If the courts don’t block the massive EPA regulation, opponents argue, states could be saddled with billions of dollars a year in regulatory mandates complying with a potentially illegal regulation.

“Without Supreme Court intervention, West Virginia and other states will suffer irreparable harm as job creators and state agencies spend untold resources to comply with a rule that is likely to be struck down as illegal,” West Virginia Attorney General Patrick Morrisey, who’s leading a coalition of states against the EPA, said Tuesday after filing the court petition.

Morrisey uses a recent Supreme Court case as an example how the EPA took advantage of the slow legal system to force power plants to close or shut down.

“In short, EPA extracted ‘nearly $10 billion a year’ in compliance from power plants before this Court could even review the rule,” Morrisey wrote in his Supreme Court filing, “and then successfully used that unlawfully-mandated compliance to keep the rule in place even after this Court declared that the agency had violated the law.”

Morrisey’s plea to the high court comes after the D.C. Court of Appeals refused to put a stay on the Clean Power Plan Friday.
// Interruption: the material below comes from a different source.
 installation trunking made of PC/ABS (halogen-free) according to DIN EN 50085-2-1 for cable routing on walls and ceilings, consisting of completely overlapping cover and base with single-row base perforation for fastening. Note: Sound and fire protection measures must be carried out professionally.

Federal judges ruled the agency’s compliance deadline was far enough away that courts could decide on the rule’s legality before then.

Environmentalists cheered the decision, but Morrisey and his coalition vowed to bring their case to the Supreme Court.
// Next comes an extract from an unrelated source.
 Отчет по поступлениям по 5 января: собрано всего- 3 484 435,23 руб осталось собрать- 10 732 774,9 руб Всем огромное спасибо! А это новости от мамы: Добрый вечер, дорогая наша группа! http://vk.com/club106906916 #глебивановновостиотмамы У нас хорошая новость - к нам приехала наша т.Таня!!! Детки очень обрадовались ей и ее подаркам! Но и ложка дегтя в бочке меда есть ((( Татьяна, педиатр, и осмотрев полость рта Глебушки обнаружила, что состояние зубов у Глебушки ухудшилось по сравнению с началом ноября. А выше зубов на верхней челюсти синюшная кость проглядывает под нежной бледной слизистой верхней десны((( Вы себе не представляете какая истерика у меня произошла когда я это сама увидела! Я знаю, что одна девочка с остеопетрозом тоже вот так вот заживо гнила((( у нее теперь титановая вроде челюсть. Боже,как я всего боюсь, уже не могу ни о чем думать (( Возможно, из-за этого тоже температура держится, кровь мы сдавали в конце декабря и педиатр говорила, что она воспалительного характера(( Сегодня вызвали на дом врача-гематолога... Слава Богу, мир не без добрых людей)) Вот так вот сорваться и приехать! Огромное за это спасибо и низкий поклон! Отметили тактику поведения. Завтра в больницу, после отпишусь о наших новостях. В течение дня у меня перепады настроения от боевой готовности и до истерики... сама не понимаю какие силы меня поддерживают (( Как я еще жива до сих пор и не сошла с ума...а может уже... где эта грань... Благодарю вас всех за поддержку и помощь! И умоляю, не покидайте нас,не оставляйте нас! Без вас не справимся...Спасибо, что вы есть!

Morrisey argues the EPA’s so-called Clean Power Plan would be an even bigger blow to state economies, especially coal-reliant states like West Virginia. He warns the EPA could push forward with the costly rule while its legailty is being debated in the courts.

“In the present case, EPA is seeking to similarly circumvent judicial review, but on an even larger scale and this time directly targeting the States,” Morrisey continued. “In sworn declarations submitted to the D.C. Circuit below, numerous state regulators describe the Plan as the most far reaching and burdensome rule EPA has ever forced onto the States.”
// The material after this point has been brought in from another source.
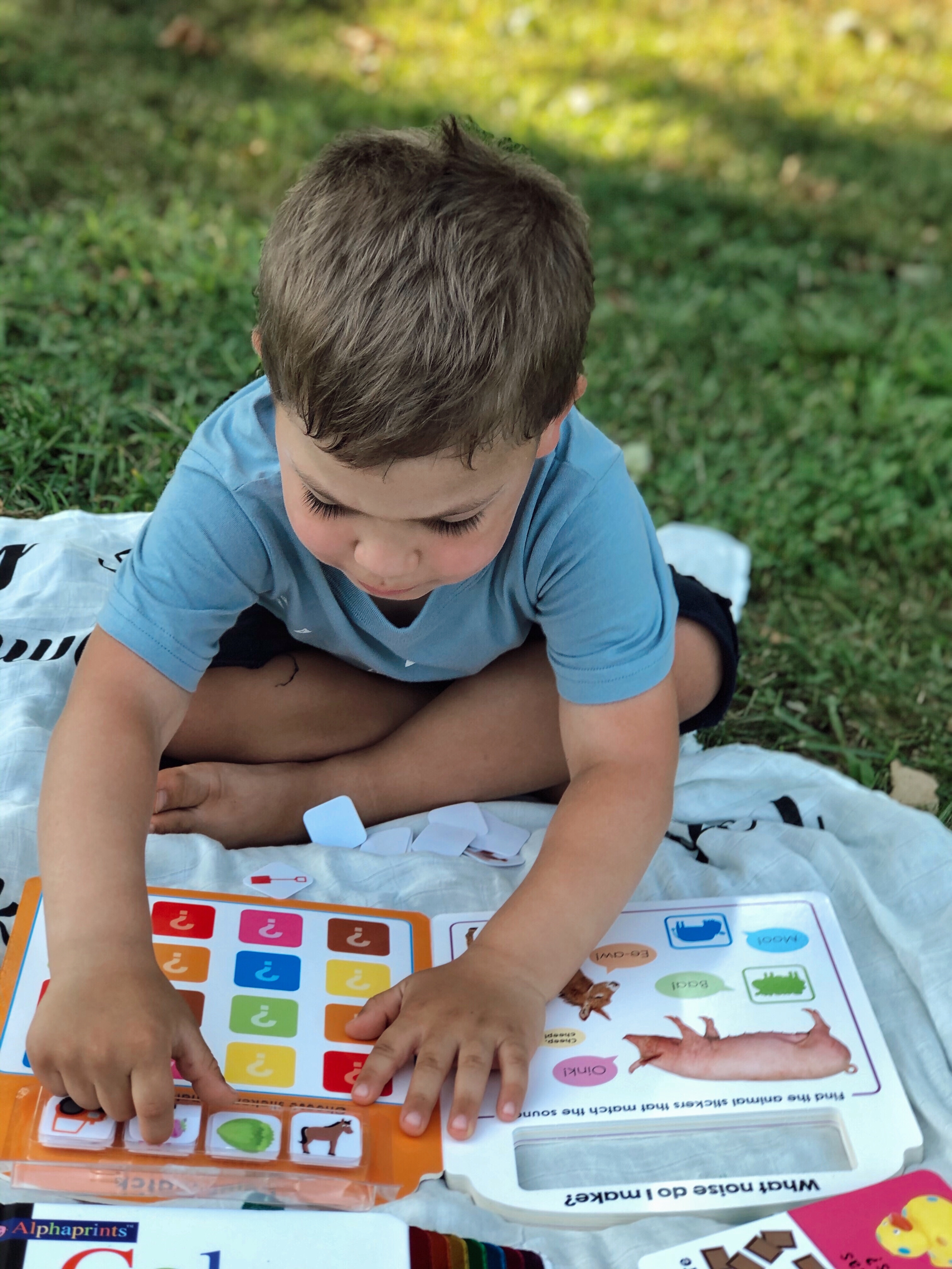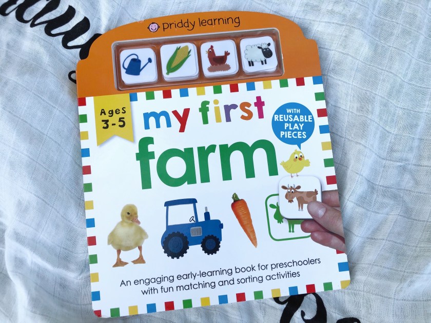 Lastly, this one I recommend for your older kids. My boy is 3 and he is in love with this book. Kids can take a trip around the farm and learn about key early learning topics such as colors, matching, and sorting. There are 28 reusable play pieces, so the activities can be completed again and again. The handle-shaped book has a clamshell on the cover to store the pieces.

Last year, the Supreme Court ruled the EPA’s Mercury and Air Toxics Standards (MATS) regulation violated the Clean Air Act, and that the agency “unreasonably when it deemed cost irrelevant to the decision to regulate power plants.”

“No regulation is ‘appropriate’ if it does significantly more harm than good,” Justice Antonin Scalia wrote in the majority opinion in June 2015.

The ruling was cheered by Morrisey and others, but the EPA was quick to author a rebuttal to the court’s decision: it came too late.

Janet McCabe, the head of EPA’s air office, argued the many power plants had already complied with the rule, meaning it was going into effect whether it was on the books or not. This argument resonated with lower courts that later refused to vacate the rule, despite the Supreme Court’s ruling.

EPA’s MATS rule was one of the most expensive ever issued by the agency, at nearly $10 billion a year. The EPA’s Clean Power is estimated by the agency to cost around $8 billion, but coal industry estimates put the costs much higher –between $37 billion a year and $58 billion per year.

“Because the rule had not been stayed during the years of litigation, EPA assured its supporters that ‘the majority of power plants are already in compliance or well on their way to compliance,’ Morrisey wrote.

“Then, in reliance on EPA’s representation that most power plants had already fully complied, the D.C. Circuit responded to this Court’s remand by declining to vacate the rule that this Court had declared unlawful,” Morrisey added.